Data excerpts
• • • •
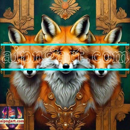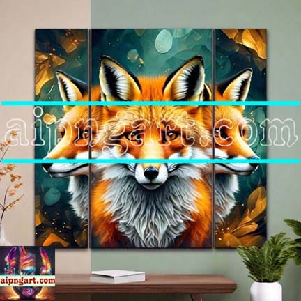 FOX Face Golden Frame Artistic Digital Wall Art Decor _15
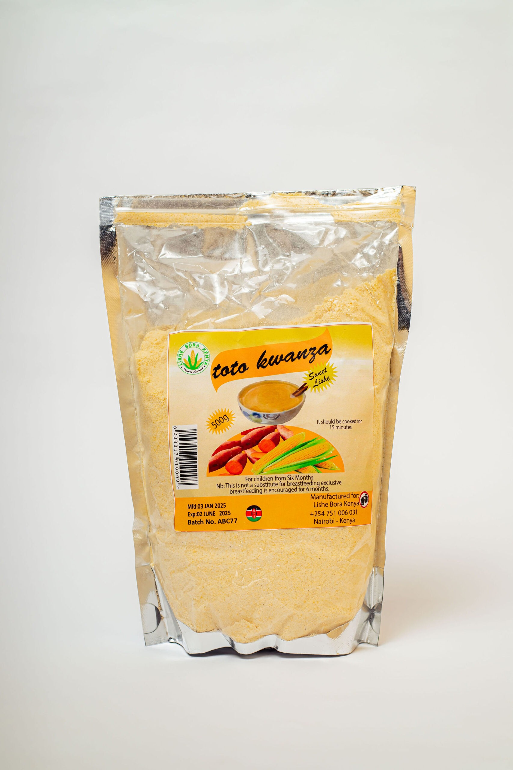 Toto Kwanza Weaning Flour  is used to wean babies from breast milk to solid foods. It’s usually given to babies 5 months and above. The ingredients of the Toto kwanza weaning flour are:
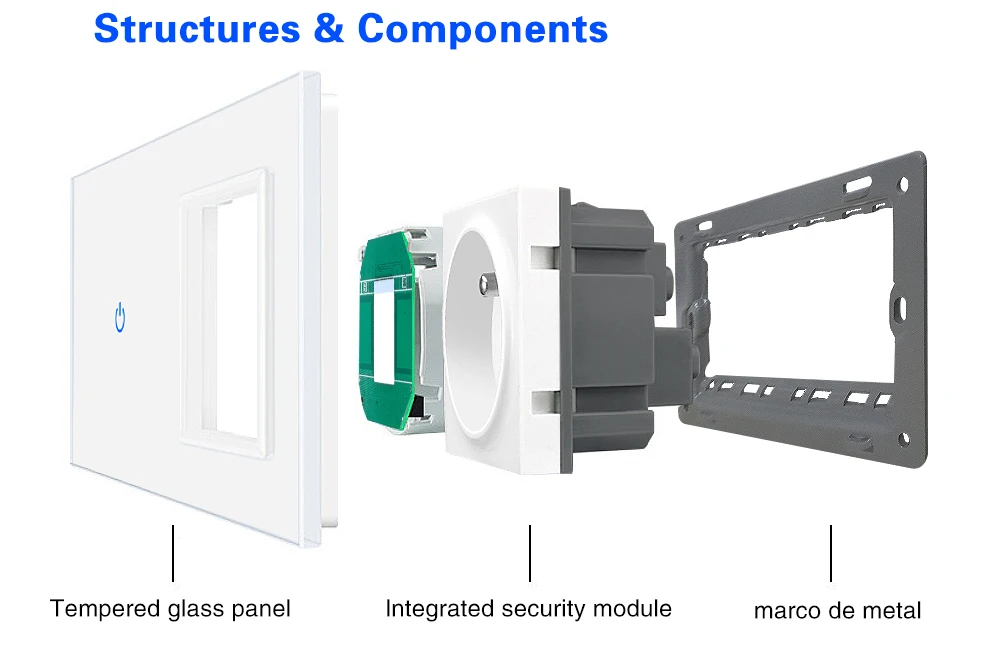 Разъем и переключатель панели из закаленного стеклаРозетка и разъем usbКомбинация гнезда слабого токаСенсорный выключатель с одним проводом433 беспроводной пульт дистанционного управленияTuya app wifi smart switch
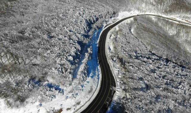 Kırklareli'nin yüksek kesimlerinde etkili olan kar yağışının ardından karın ve doğanın uyumu dron ile görüntülendi.
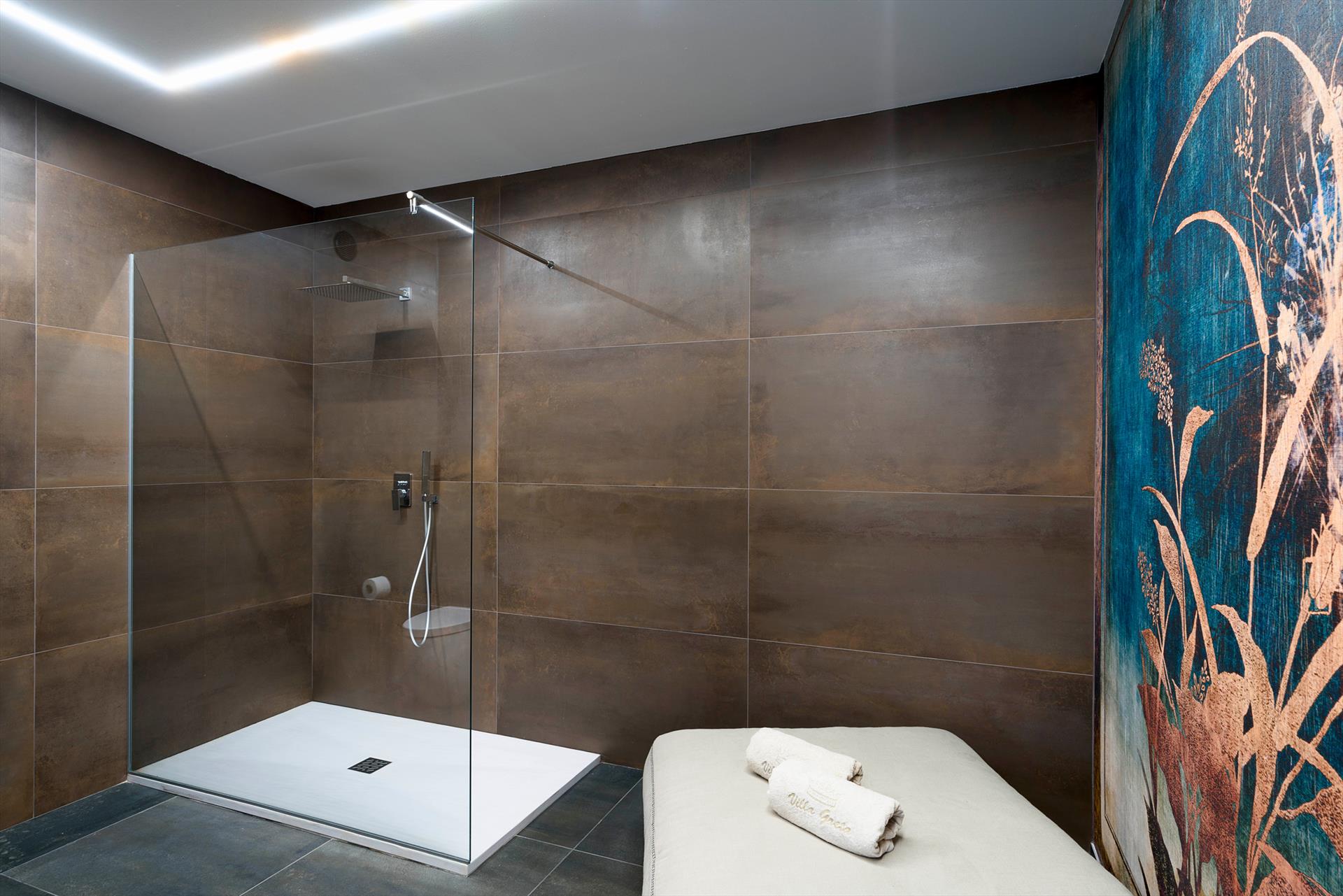 MANOR HOUSE Ground Floor: Large living area with lounge, dining room and kitchen, 1 bathroom with shower, laundry, 1 double bedroom with Jacuzzi and en-suite shower, 2 double bedrooms with en-suite shower, wellness area (sauna). First Floor (accessed from outside): living/dining room, kitchen, 1 double bedroom (king size bed) with en-suite shower, 1 twin bedroom, 1 bathroom (toilet-washbasin). ANNEX Ground floor: 2 double bedrooms (not communicating) with bathroom-shower. Patio with pergola, garden.
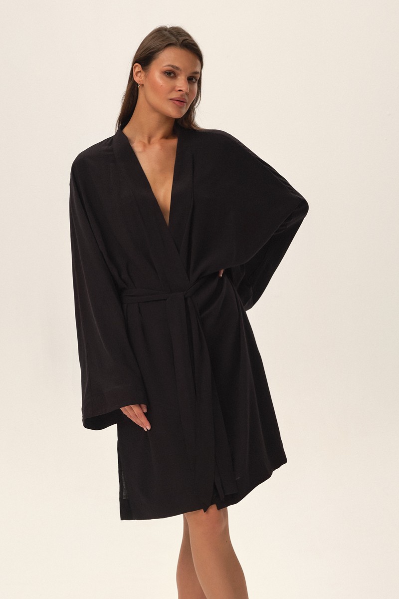Халат женский 42049 JOYA от европейского производителя Esotiq. Халат на запах с поясом, с длинными свободными рукавами. Ткань - вискоза.
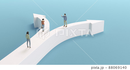 分岐する矢印とビジネスマン / ビジネスの選択肢・異なる方向性・分岐する未来のイメージ
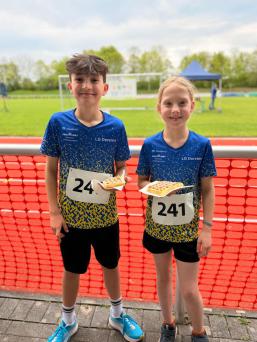 Gleich zwei erste Plätze erreichte Lias Weinhardt (M8) über 50 m (8,75 sec) und im Weitspung, wo er mit 3,03 m erstmals die "Drei-Meter-Marke" übersprang. Außerdem wurde er Fünfter mit dem Schlagball (16 m). Einem Start-Ziel-Sieg lief Viktoria Berse (W11) über 800 m nach 3:06,24 min entgegen.
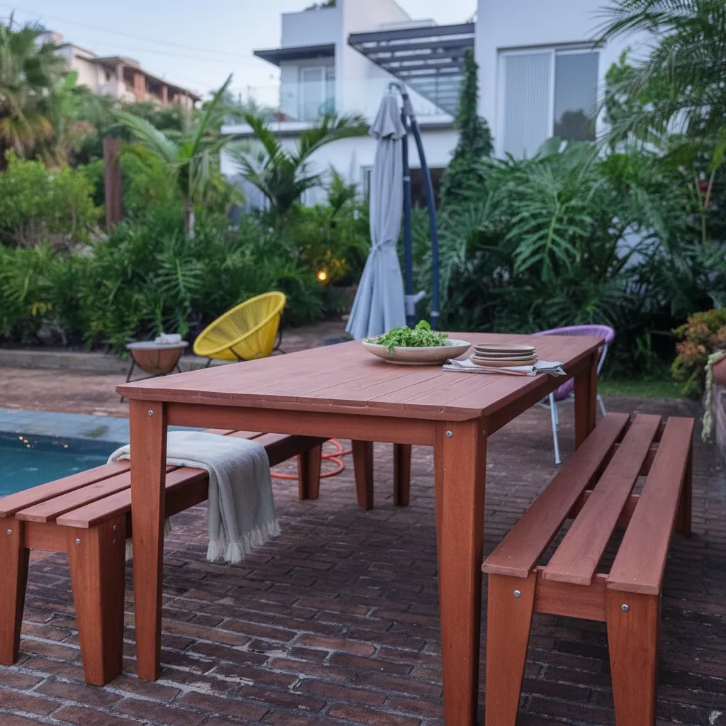 O Jogo de Mesa com Bancos Penafort é a escolha perfeita para quem busca beleza, durabilidade e aconchego no ambiente. Produzido em madeira maciça de eucalipto, traz um visual rústico e elegante que transforma salas de jantar, áreas gourmet e varandas.
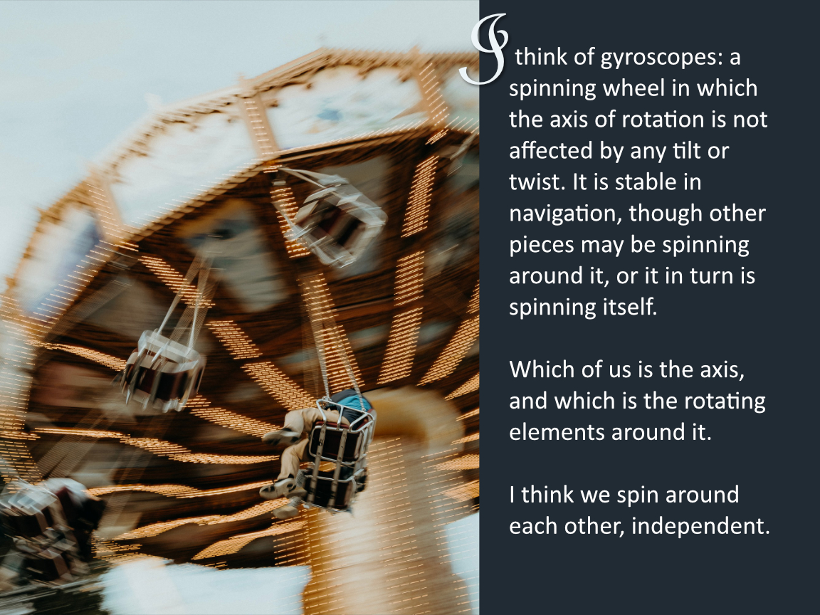 I think of gyroscopes: a spinning wheel in which the axis of rotation is not affected by any tilt or twist. It is stable in navigation, though other pieces may be spinning around it, or it in turn is spinning itself. Which of us is the axis, and which is the rotating elements around it. I think we spin around each other, independent.
• • • •
ASSIGNED TASK: Would you please reproduce the entries above, starting at the line with "Разъем и переключатель" and stopping after the line with "Kırklareli'nin yüksek kesimlerinde"? Omit any pictures.

WRITTEN ANSWER:
 Разъем и переключатель панели из закаленного стеклаРозетка и разъем usbКомбинация гнезда слабого токаСенсорный выключатель с одним проводом433 беспроводной пульт дистанционного управленияTuya app wifi smart switch
 Kırklareli'nin yüksek kesimlerinde etkili olan kar yağışının ardından karın ve doğanın uyumu dron ile görüntülendi.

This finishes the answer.